The mammalian GTP-binding protein GSPT, whose carboxyl-terminal sequence is homologous to the eukaryotic elongation factor EF1alpha, binds to the polypeptide chain releasing factor eRF1 to function as eRF3 in the translation termination. The amino-terminal domain of GSPT was, however, not required for the binding. Search for other GSPT-binding proteins in yeast two-hybrid screening system resulted in the identification of a cDNA encoding polyadenylate-binding protein (PABP), whose amino terminus is associating with the poly(A) tail of mRNAs presumably for their stabilization.

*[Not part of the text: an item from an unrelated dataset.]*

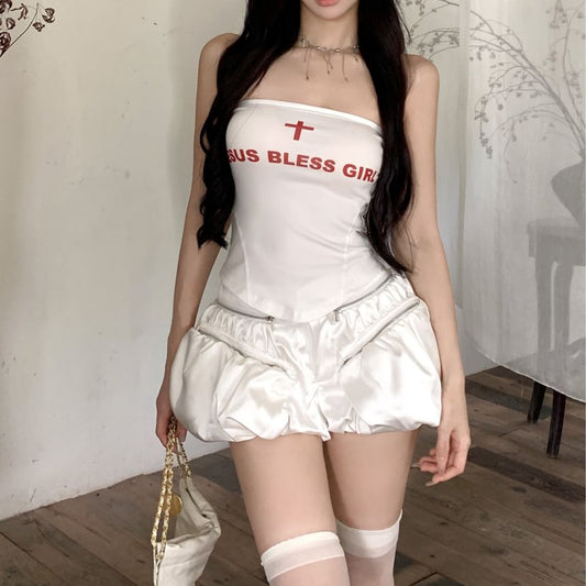 One-Shoulder Plain Crop Tank Top / High Waist Asymmetrical Mini Pencil Skirt

The interaction appeared to be mediated through the carboxyl-terminal domain of PABP and the amino-terminal region of GSPT. Interestingly, multimerization of PABP with poly(A), which is ascribed to the action of its carboxyl-terminal domain, was completely inhibited by the interaction with the amino-terminal domain of GSPT. These results indicate that GSPT/eRF3 may play important roles not only in the termination of protein synthesis but also in the regulation of mRNA stability. Thus, the present study is the first report showing that GSPT/eRF3 carries the translation termination signal to 3'-poly(A) tail ubiquitously present in eukaryotic mRNAs.

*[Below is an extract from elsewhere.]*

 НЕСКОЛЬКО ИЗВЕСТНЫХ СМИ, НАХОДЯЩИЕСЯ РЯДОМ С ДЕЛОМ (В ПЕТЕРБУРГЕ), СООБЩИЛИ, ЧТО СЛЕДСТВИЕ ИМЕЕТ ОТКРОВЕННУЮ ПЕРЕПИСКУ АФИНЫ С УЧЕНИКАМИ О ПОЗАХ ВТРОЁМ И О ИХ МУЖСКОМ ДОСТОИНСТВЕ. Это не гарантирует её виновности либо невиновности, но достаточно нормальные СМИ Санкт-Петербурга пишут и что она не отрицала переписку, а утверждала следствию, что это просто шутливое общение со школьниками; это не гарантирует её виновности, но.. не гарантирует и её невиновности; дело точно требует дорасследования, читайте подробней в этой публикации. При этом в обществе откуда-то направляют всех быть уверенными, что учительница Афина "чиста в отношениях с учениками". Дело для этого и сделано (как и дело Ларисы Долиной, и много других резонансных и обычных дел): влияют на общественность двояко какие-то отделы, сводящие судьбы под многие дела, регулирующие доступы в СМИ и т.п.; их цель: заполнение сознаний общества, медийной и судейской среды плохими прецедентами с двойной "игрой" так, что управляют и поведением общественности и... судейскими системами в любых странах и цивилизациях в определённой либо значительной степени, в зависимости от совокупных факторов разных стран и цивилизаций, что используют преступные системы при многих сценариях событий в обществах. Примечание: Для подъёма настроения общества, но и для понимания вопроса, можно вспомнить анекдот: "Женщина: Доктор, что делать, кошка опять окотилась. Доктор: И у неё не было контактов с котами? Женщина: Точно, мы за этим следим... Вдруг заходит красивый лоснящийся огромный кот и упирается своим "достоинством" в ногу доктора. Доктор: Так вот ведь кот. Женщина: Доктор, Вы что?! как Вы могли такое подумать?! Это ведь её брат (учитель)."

哺乳动物的GTP结合蛋白GSPT,其羧基末端序列与真核延伸因子EF1α同源,它与多肽链释放因子eRF1结合,在翻译终止过程中发挥eRF3的作用。然而,GSPT的氨基末端结构域对于这种结合并非必需。在酵母双杂交筛选系统中寻找其他与GSPT结合的蛋白,结果鉴定出一个编码聚腺苷酸结合蛋白(PABP)的cDNA,其氨基末端与mRNA的聚(A)尾结合,可能是为了稳定mRNA。这种相互作用似乎是通过PABP的羧基末端结构域和GSPT的氨基末端区域介导的。有趣的是,PABP与聚(A)的多聚化(归因于其羧基末端结构域的作用)被与GSPT氨基末端结构域的相互作用完全抑制。这些结果表明,GSPT/eRF3可能不仅在蛋白质合成终止中发挥重要作用,还在mRNA稳定性的调节中发挥作用。因此,本研究是首次报道表明GSPT/eRF3将翻译终止信号传递给真核mRNA中普遍存在的3'-聚(A)尾。